Assignment: Start with the line that holds "Pour servir, répartir". Please copy it and each remaining line below exactly, leaving pictures out.

Stored data:
:::

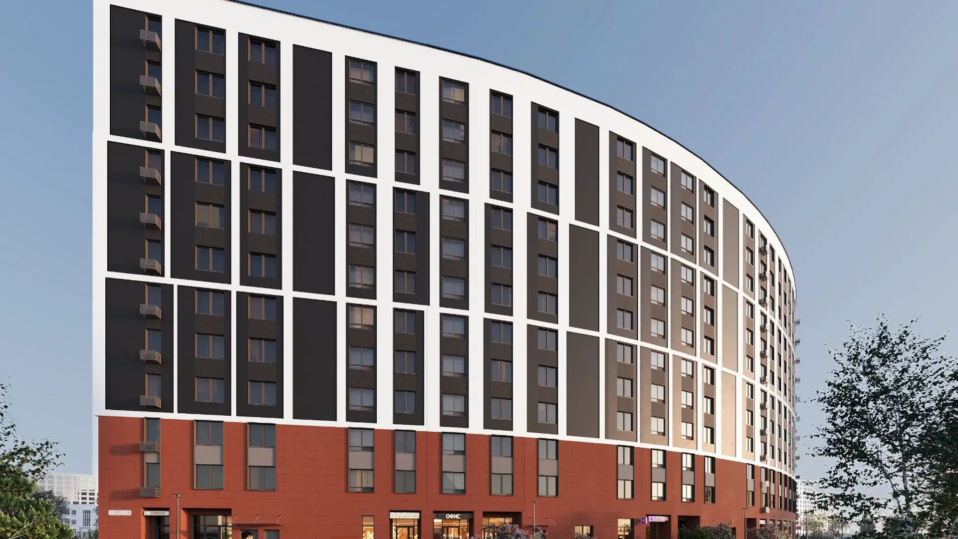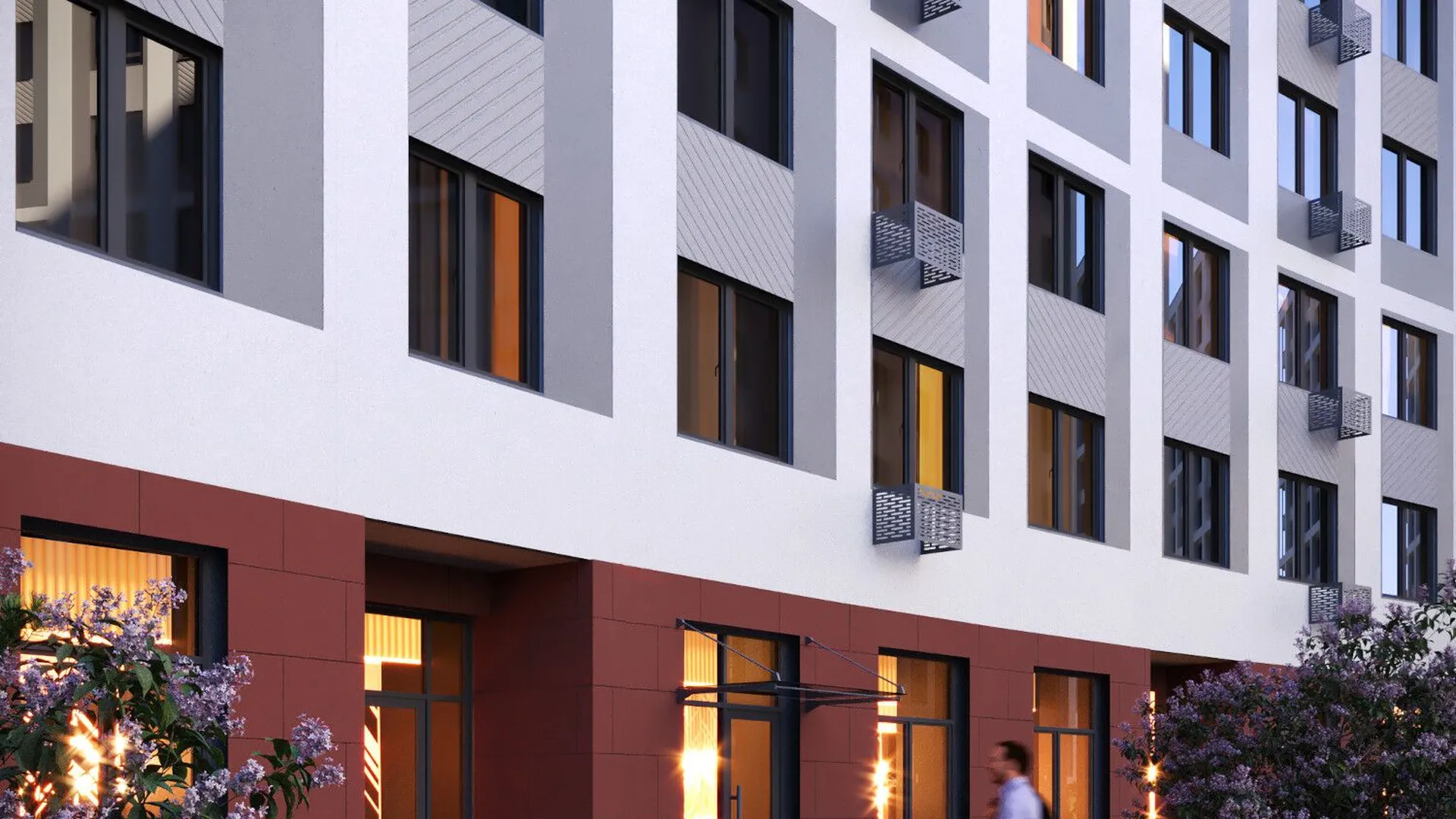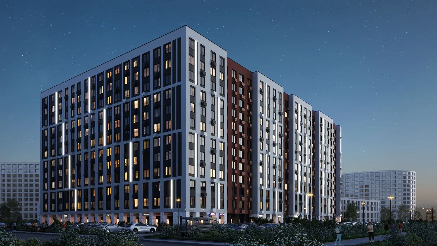 Первая очередь представляет собой 12‑этажное здание, разделённое на 9 секций с индивидуальными входными группами. Некоторые парадные выполнены сквозными — с выходами как во двор, так и на улицу. Фасады решены в современном сдержанном стиле: глубокий кирпичный оттенок сочетается с белым и дополняется тёмно‑серыми акцентами. В вечернее время архитектурный облик подчёркивает дизайнерская подсветка в виде вертикальных белых линий.
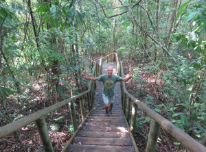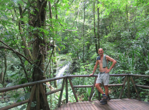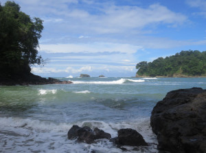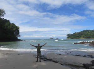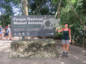Ein Pärchen aus San Jose, welches uns in La Fortuna per Anhalter mitgenommen hatte, empfahl uns in den Nationalpark Manuel Antonio zu fahren. Dort sieht man sehr viele freilebende Tiere im Regenwald. Nichts wie hin! Wir suchten uns eine kleine nette Pension im Küstenstädtchen Quepos, von hier aus ist der Nationalpark gut mit dem Bus zu erreichen.
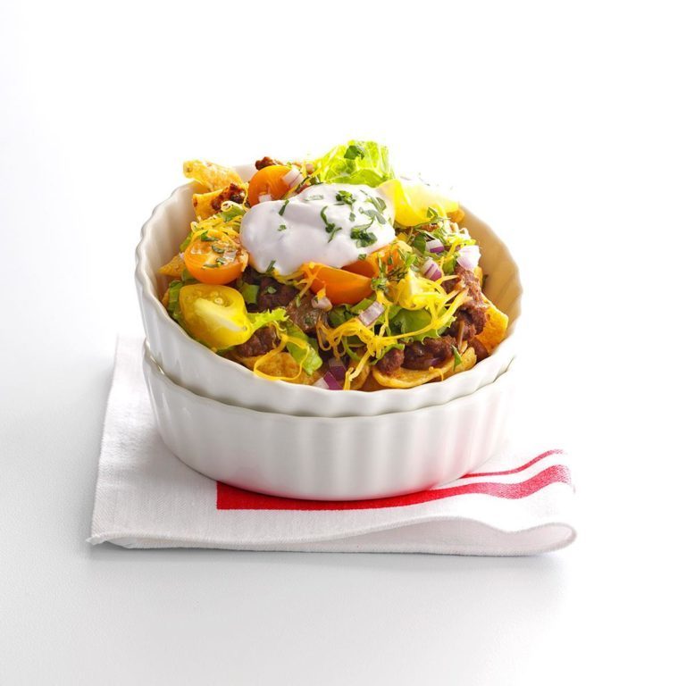 Pour servir, répartir les frites dans six coupes. Garnir du mélange de bœuf, de laitue, de fromage, de tomates et d'oignons.Si vous le souhaitez, garnir de crème sure et de coriandre.
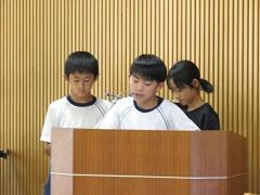 その後、町内各校代表の意見発表がありました。本校からは5年生の大根田琴音さんが「生きるということ」という題で、すばらしい発表をしてくれました。家業のデイサービスを利用されている方々の言葉や自分の事故体験から、「命」、そして「生きる」と言うことを真剣に考えたすばらしい発表でした。

:::

Task answer:
 Pour servir, répartir les frites dans six coupes. Garnir du mélange de bœuf, de laitue, de fromage, de tomates et d'oignons.Si vous le souhaitez, garnir de crème sure et de coriandre.
 その後、町内各校代表の意見発表がありました。本校からは5年生の大根田琴音さんが「生きるということ」という題で、すばらしい発表をしてくれました。家業のデイサービスを利用されている方々の言葉や自分の事故体験から、「命」、そして「生きる」と言うことを真剣に考えたすばらしい発表でした。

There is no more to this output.